Mr. Parker: From the VC standpoint, you figure out
what core customers you want to have working with you for the
longer term, and that’s not necessarily from a revenue
standpoint. This is a VC telling a company what to do, but, bottom
line, it's a much longer term proposition than surviving on the
second day of the spinout with a residual revenue stream from a
customer base that isn't really focused on the company's long-term
business plan. If there's a focus on the customer base, focus on
those who have beaten the alpha, beta, and production form of the
product and, secondly, who understand the product and services
vision over time. In terms of priority, third is how much revenue
they're generating for the company on day one of the spinout.
Mr. Gilbert: One of the things we did prior to the
spinout was to approach our single largest prospective customer
for the new spinout product and asked, “Would you still buy it
from us as an independent little company? We're about to do this.
Would you still be our customer?” This was a large government
agency, and we were concerned that they wouldn't do business with
us. We got completely the reverse reaction. They said, “Great,
now someone will actually listen to our requirements.” It was
perhaps a bit naive on their part because they were anticipating
that we had funding lined up. They are still a very, very good
customer of ours, I'm glad to say, and it worked out well. We
chose them strategically because they were also the single largest
government customer of the parent corporation’s core business.

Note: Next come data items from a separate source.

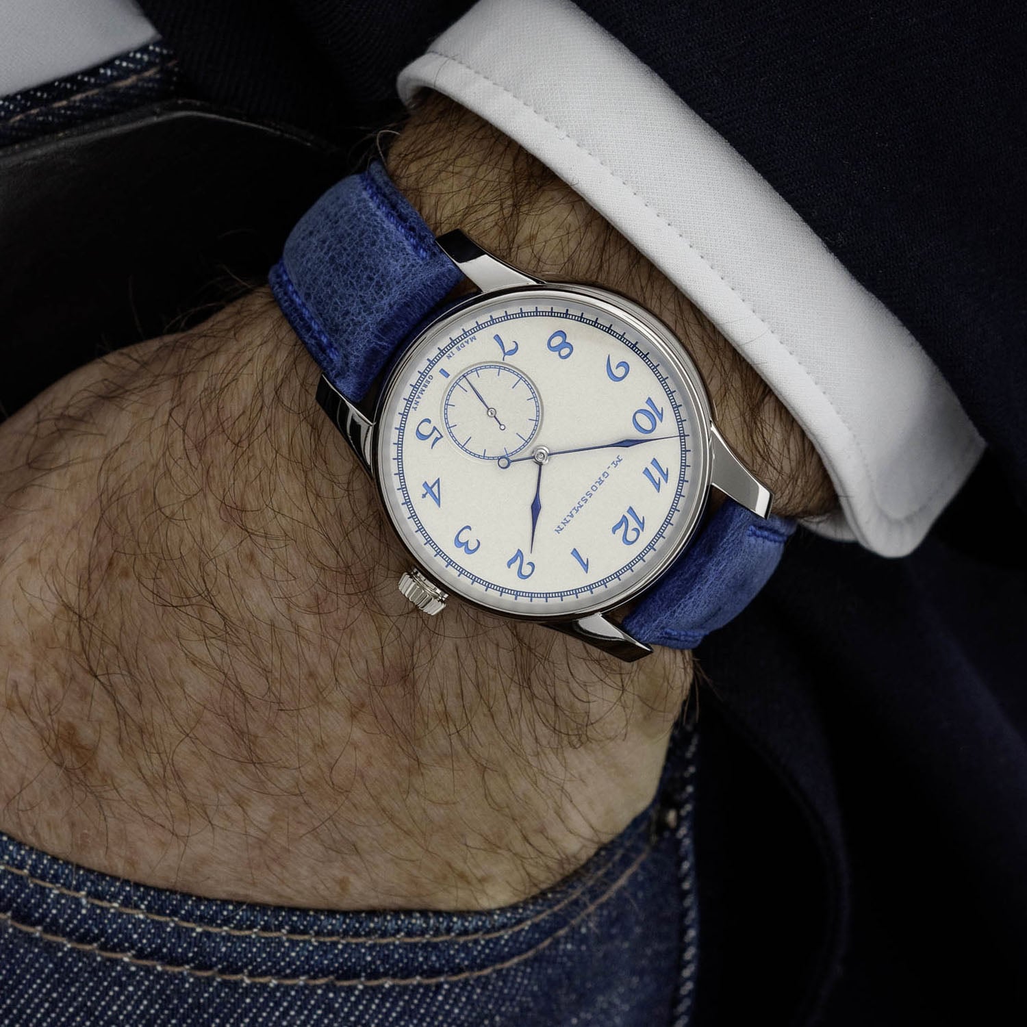 As for the dial, Moritz Grossmann calls this finish “silver-plated by friction”. It is a traditional, hand-applied technique where the surface is worked with pastes and powders, and the result is a fine, grainy texture that doesn’t reflect too much light, keeping things soft on the dial. The blue numerals and scales come out nicely against this surface, along with a vintage-style M. Grossmann logo. This version also switches to Arabic numerals, replacing the Roman numerals seen on earlier Hamatic iterations. Time is shown with central hours and minutes and small seconds at 6 o’clock, with slender, hand-made steel hands heat-blued to match the numerals and markers.
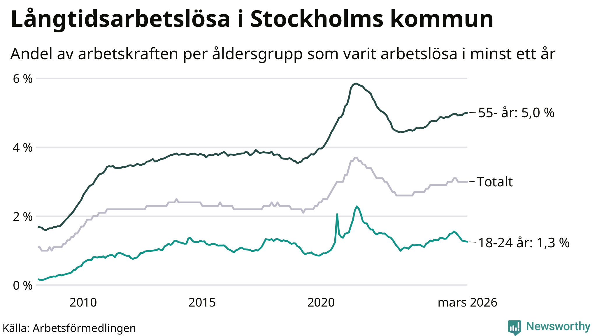 | Andel arbetslösa i minst två år | 1,6 % | 1,6 % | 1,6 % |
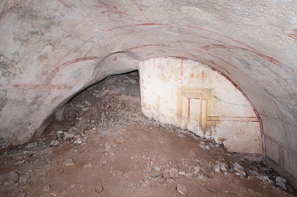 La camera, soprannominata la Sala della Sfinge, è riccamente decorata con murales di creature reali e mitiche tra cui una sfinge. Dipinta con ricchi pigmenti rossi, verdi e gialli che sono sopravvissuti incredibilmente bene negli ultimi due millenni, la stanza a volta è anche decorata con immagini di un centauro, il dio Pan, una miriade di piante e ornamenti d’acqua e la raffigurazione di un uomo che estrae la spada mentre viene attaccato da una pantera.
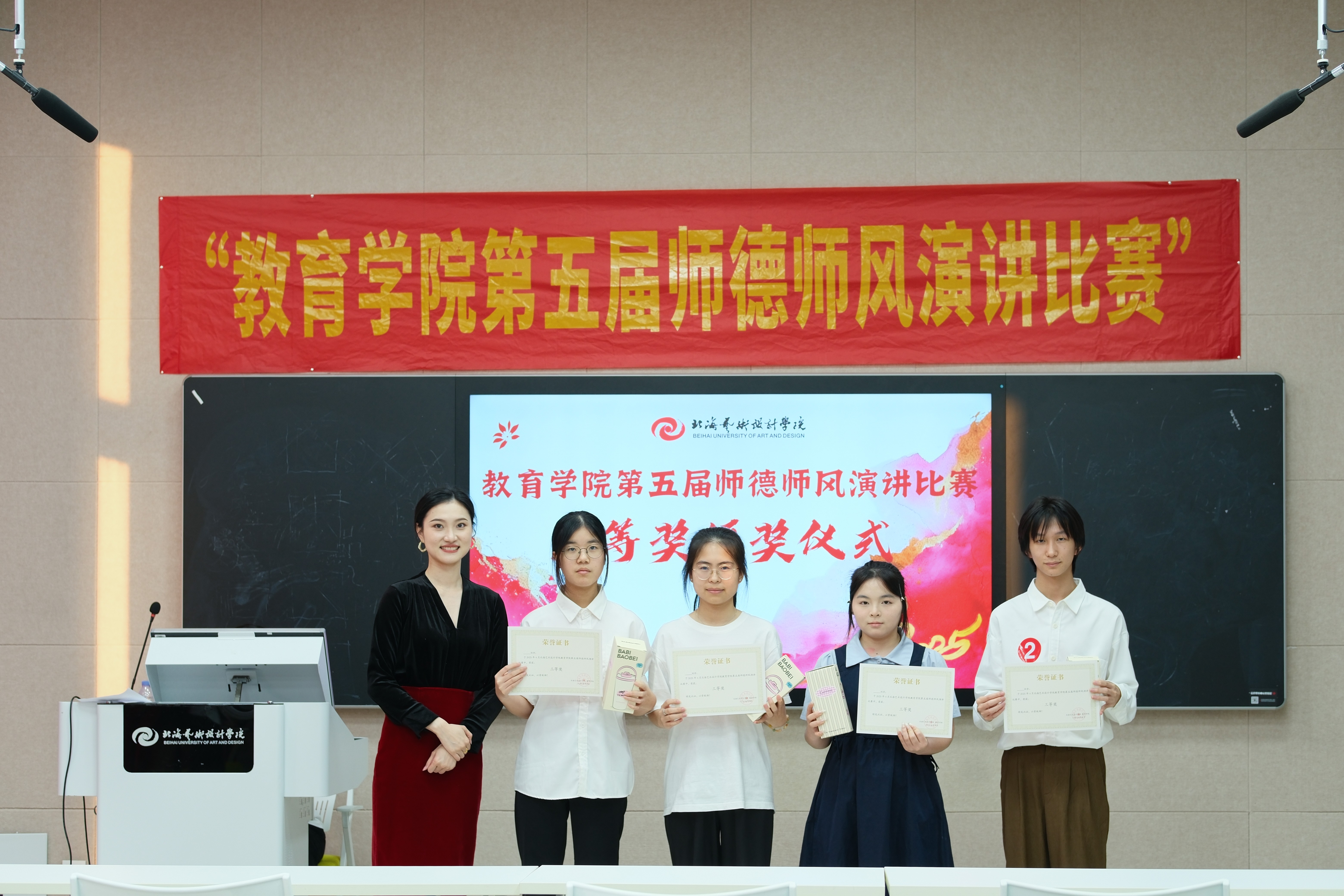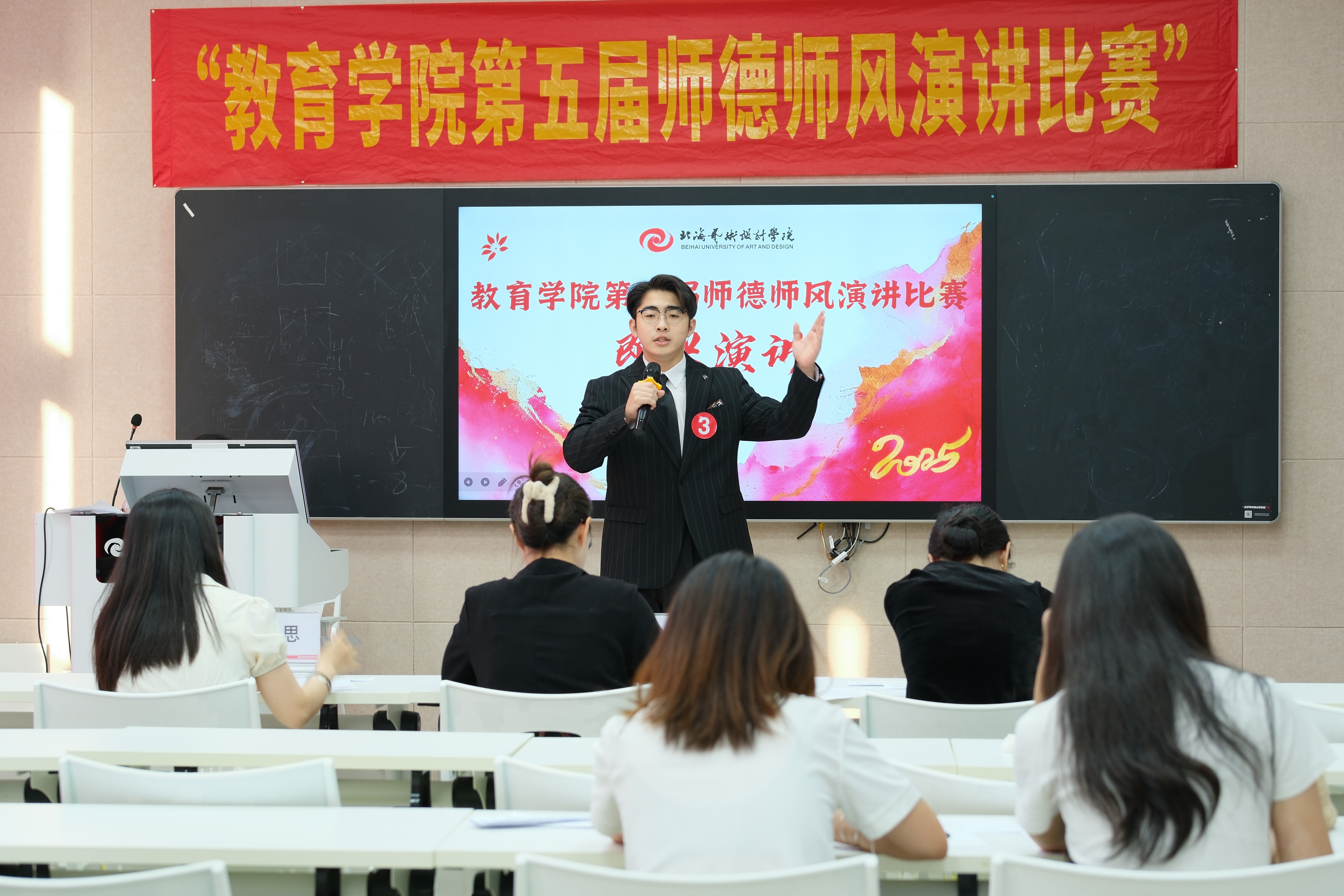 此次比赛不仅是一次师德风采的集中展示,更是一场精神力量的传递与共鸣,激励着教育学院全院师生将教育家精神融入日常教学与学习中,以实际行动为教育强国建设添砖加瓦,同时为学院师德师风建设注入了更富活力的时代动能。

It was sort of an indirect three-body arrangement in the sense
that, I won't call it blackmail, but the whole value proposition
to the parent corporation was that we were going to support this
customer with a product that we crafted for them. We said, “If
you cancel us and don't let us go forward, you're going to
disappoint your biggest customer.” That was a way to reinforce
the value of the product.
Mr. Kennedy: We had a very interesting experience
with this about three or four years ago when we acquired Loral.
Loral had a contract with a government customer to provide
oversight on the work Lockheed Martin was doing. When we acquired
Loral, we were in an immediate conflict of interest and we had to
work with our customer. We essentially spun out that contract, but
it was a large one with a lot of people on it. The first question
was: Is there continuity in the contract and will the customer do
business with us? The customer was vocal and said, “Yes, but I
want the work force maintained. I'm really buying the intellectual
capability of those people on this contract, and I want them taken
care of.” Lockheed Martin felt the same way. They were our
employees that we were about to divest, and we wanted them taken
care of. We were in an auction process and we put at the top of
the list of things the bidders were to supply to us: How do you
plan to treat the employees? Price was not the first criteria. The
offer we actually accepted was not the highest price offer. We
accepted a lower price from a company that offered a better
package to the employees. From an ethics standpoint, it's the way
we would like to be known, but it's also the way the customer
wanted it handled. Price is not always foremost. Maintaining the
integrity of the operation as it supplies the customers is the
number one criteria.
Q: Hal, you said that 12 out of your 13
companies have been successful, which is a very good statistic.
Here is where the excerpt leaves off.